Jeremy Corbyn’in ana muhalefet partisi başkanlığına seçilmesi, sadece İngiltere’de değil, genel olarak Avrupa’da heyecan yarattı.
Ama belki de en çok beni heyecanlandırdı!
“Kanka” demek biraz abartılı olabilir, ama Corbyn’le tanışıyoruz. Aynı odada yatmışlığımız var! Benim odamda. İstanbul’da.
O zamanlar annemin evinde kalıyorum. Tek yatak var. Çilteyi yere koydum, “Yatak senin, yerdeki çilte benim” dedim. Kabul etmedi, “Yatak senin” dedi. On dakika tartıştık, sonunda kazandı ve yerde yattı.
Yıllardan 2002 ve Corbyn İngiltere hükümet partisinin (Tony Blair’in İşçi Partisi’nin) en solcu iki milletvekilinden biriydi.
George W Bush, İkiz Kuleler saldırısından sonra Irak’ı işgal etmekle tehdit ediyordu. Bütün dünyada savaş karşıtı bir hareket yükselirken, biz de burada kolları sıvamıştık.
Önce Ekim ayında Kadıköy’de bir barış konferansı düzenledik. Ardından, 1 Aralık günü için büyük bir gösteri yapma kararı aldık. Ve Irak’ta Savaşa Hayır Koalisyonu’nu kurduk. Herhalde Türkiye tarihinin en geniş koalisyonu oldu: tam 159 kurumu ve sayısız bireyi bir araya getirdi.
Irak savaşına Blair’in de katılacağı belli olduğu için, gösteriye İngiltere’den birini getirmeyi düşündük. İlk akla gelen isim Corbyn’di, çağırdık, geldi.
Miting alanında Corbyn’in sahneden konuşmasını polisler engellemeye çalıştı. “Niye?” dedik. “Yabancı” dediler!
Milletvekili olduğunu anlatıp ikna ettik herifleri. Corbyn, kendi hükümeti aleyhine çok sert bir konuşma yaptı.
Akşam da annemin evinde yattık.
Şimdi İşçi Partisi başkanlığına seçilmesi, üstelik solculuğundan hiçbir ödün vermemişken parti tabanının yüzde 60’ının oyunu alarak seçilmesi ilginç.
Aday olacağını ilan ettiğinde, belli sayıda milletvekilinin onu aday göstermesi gerekliydi ve bu sayıyı bulması mümkün değildi.
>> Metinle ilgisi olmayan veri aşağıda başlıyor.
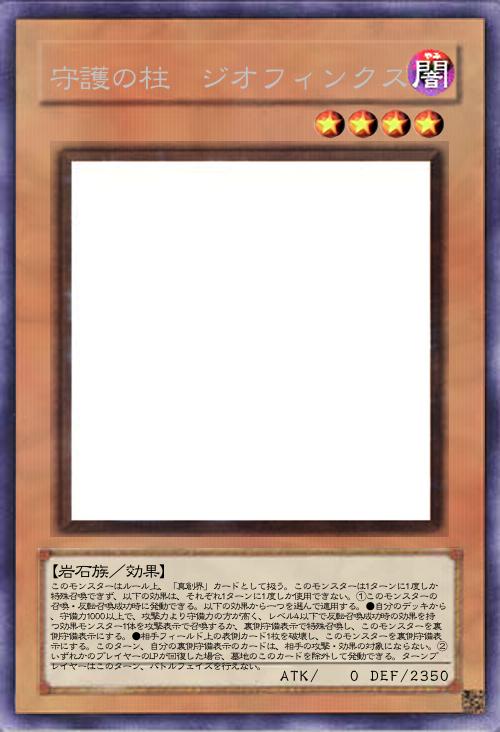 【岩石族/効果】 このモンスターはルール上、「真創界」カードとして扱う。このモンスターは1ターンに1度しか特殊召喚できず、以下の効果は、それぞれ1ターンに1度しか使用できない。①このモンスターの召喚・反転召喚成功時に発動できる。以下の効果から一つを選んで適用する。●自分のデッキから、守備力1000以上で、攻撃力より守備力の方が高く、レベル4以下で反転召喚成功時の効果を持つ効果モンスター1体を攻撃表示で召喚するか、裏側守備表示で特殊召喚し、このモンスターを裏側守備表示にする。●相手フィールド上の表側カード1枚を破壊し、このモンスターを裏側守備表示にする。このターン、自分の裏側守備表示のカードは、相手の攻撃・効果の対象にならない。②いずれかのプレイヤーのLPが回復した場合、墓地のこのカードを除外して発動できる。ターンプレイヤーはこのターン、バトルフェイズを行えない。 |

Bazı milletvekilleri, politikalarını destekledikleri için değil, “demokrasi iyidir” diye düşündükleri için aday olabilmesini sağladı. Zaten kazanma şansı yok diye düşünüyorlardı.
Kazanabileceğinin düşünülmemesi ve kazanmış olması iki şeyi gösteriyor.
Birincisi, Avrupa sosyal demokrasinin ne kadar sağcılaşmış olduğu. Kamu hizmetlerini savunan, zenginlerden daha fazla vergi almak isteyen, savaşa, nükleer silahlara ve NATO’ya karşı olan bir adam, “çok aşırı solcu” olarak görülüyor, kazanamaz deniliyor. Nitekim, partinin önde gelen birçok milletvekili Corbyn’in gölge kabinesinde yer almayacağını hemen ilan etti. Parti içinde Corbyn’e karşı darbe yapılması ihtimali hemen tartışılmaya başlandı.
Oysa Corbyn’in görüşleri 20-30 yıl öncesinin klasik sosyal demokrat görüşlerinden başka bir şey değil.
İkincisi, biri çıkıp “yettiniz be, bu memlekette ciddi bir sol muhalefet gerek” dediği anda, her şey değişiveriyor, sağ konsensüs dağılıveriyor, insanlar heyecana geliyor.
Yeter ki “yettiniz be” çığlığı bir kere duyulsun.